* Assignment: The answer should hold only the lines from the beginning of the listing below to the line containing "Pfc Reuben E.", both included, with every picture left out.

---- Recorded data

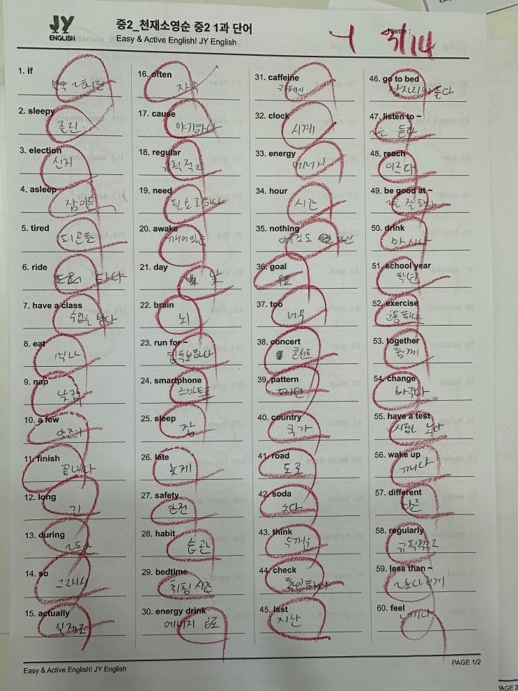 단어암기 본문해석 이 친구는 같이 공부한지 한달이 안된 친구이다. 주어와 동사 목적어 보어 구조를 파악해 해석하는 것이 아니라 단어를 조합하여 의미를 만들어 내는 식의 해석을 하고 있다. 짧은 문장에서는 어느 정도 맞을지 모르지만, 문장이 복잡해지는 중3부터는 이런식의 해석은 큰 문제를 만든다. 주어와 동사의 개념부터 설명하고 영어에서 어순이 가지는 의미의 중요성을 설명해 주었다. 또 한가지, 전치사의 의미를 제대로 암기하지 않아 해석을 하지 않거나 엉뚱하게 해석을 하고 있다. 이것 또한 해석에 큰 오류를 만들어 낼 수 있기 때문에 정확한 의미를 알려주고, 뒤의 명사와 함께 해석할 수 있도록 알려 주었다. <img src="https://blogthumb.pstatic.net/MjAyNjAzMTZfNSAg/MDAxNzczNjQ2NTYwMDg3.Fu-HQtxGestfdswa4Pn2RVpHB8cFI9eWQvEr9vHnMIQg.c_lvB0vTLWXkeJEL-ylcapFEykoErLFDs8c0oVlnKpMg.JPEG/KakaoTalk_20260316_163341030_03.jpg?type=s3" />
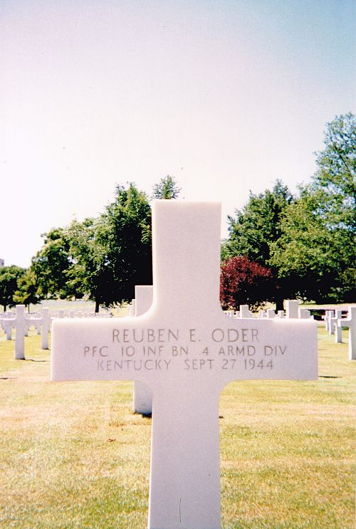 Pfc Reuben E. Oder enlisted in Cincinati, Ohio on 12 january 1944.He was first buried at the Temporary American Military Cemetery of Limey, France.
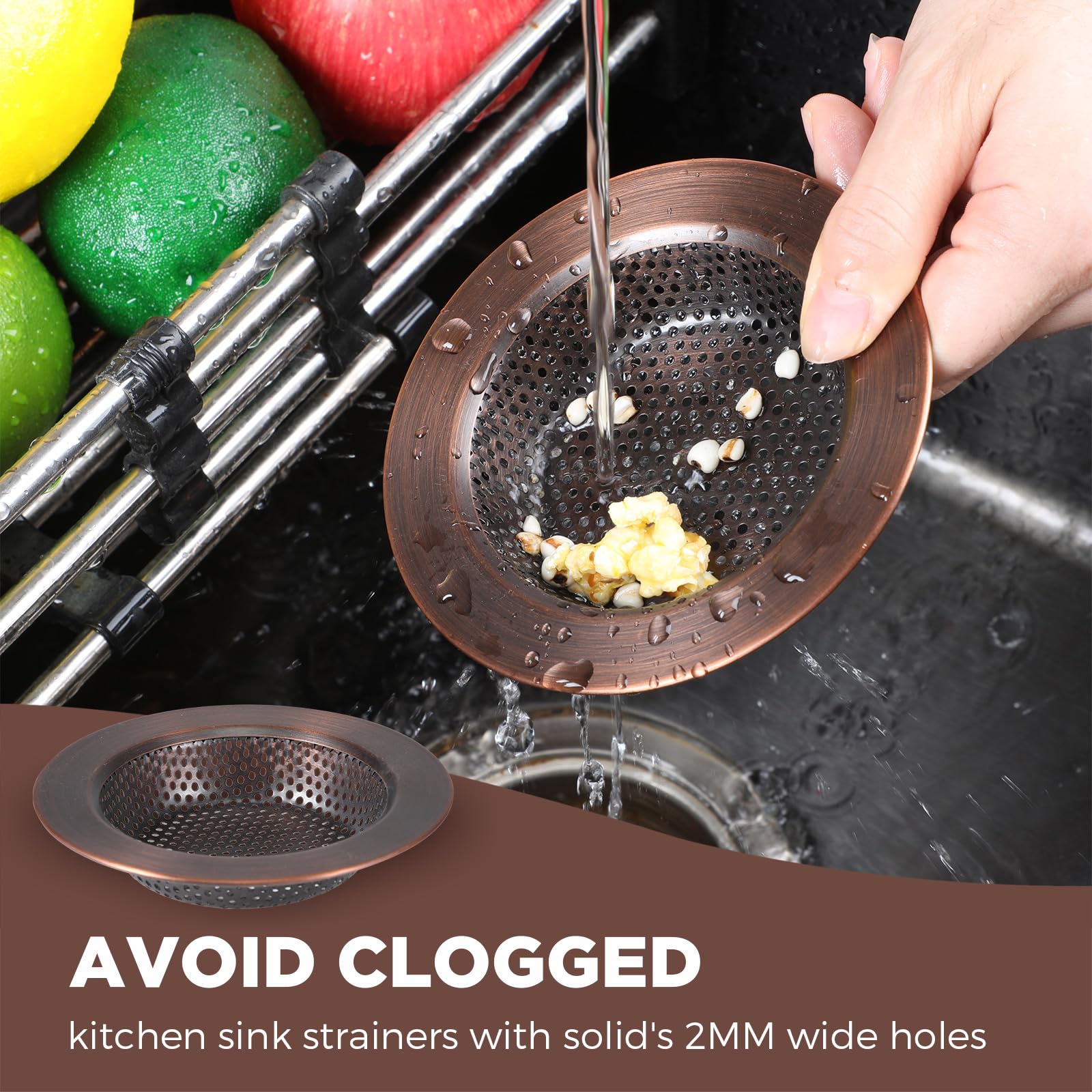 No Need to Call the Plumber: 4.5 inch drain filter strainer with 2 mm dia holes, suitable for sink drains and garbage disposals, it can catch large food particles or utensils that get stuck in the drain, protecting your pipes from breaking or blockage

--------

* Solution to this task:
 단어암기 본문해석 이 친구는 같이 공부한지 한달이 안된 친구이다. 주어와 동사 목적어 보어 구조를 파악해 해석하는 것이 아니라 단어를 조합하여 의미를 만들어 내는 식의 해석을 하고 있다. 짧은 문장에서는 어느 정도 맞을지 모르지만, 문장이 복잡해지는 중3부터는 이런식의 해석은 큰 문제를 만든다. 주어와 동사의 개념부터 설명하고 영어에서 어순이 가지는 의미의 중요성을 설명해 주었다. 또 한가지, 전치사의 의미를 제대로 암기하지 않아 해석을 하지 않거나 엉뚱하게 해석을 하고 있다. 이것 또한 해석에 큰 오류를 만들어 낼 수 있기 때문에 정확한 의미를 알려주고, 뒤의 명사와 함께 해석할 수 있도록 알려 주었다. <img src="https://blogthumb.pstatic.net/MjAyNjAzMTZfNSAg/MDAxNzczNjQ2NTYwMDg3.Fu-HQtxGestfdswa4Pn2RVpHB8cFI9eWQvEr9vHnMIQg.c_lvB0vTLWXkeJEL-ylcapFEykoErLFDs8c0oVlnKpMg.JPEG/KakaoTalk_20260316_163341030_03.jpg?type=s3" />
 Pfc Reuben E. Oder enlisted in Cincinati, Ohio on 12 january 1944.He was first buried at the Temporary American Military Cemetery of Limey, France.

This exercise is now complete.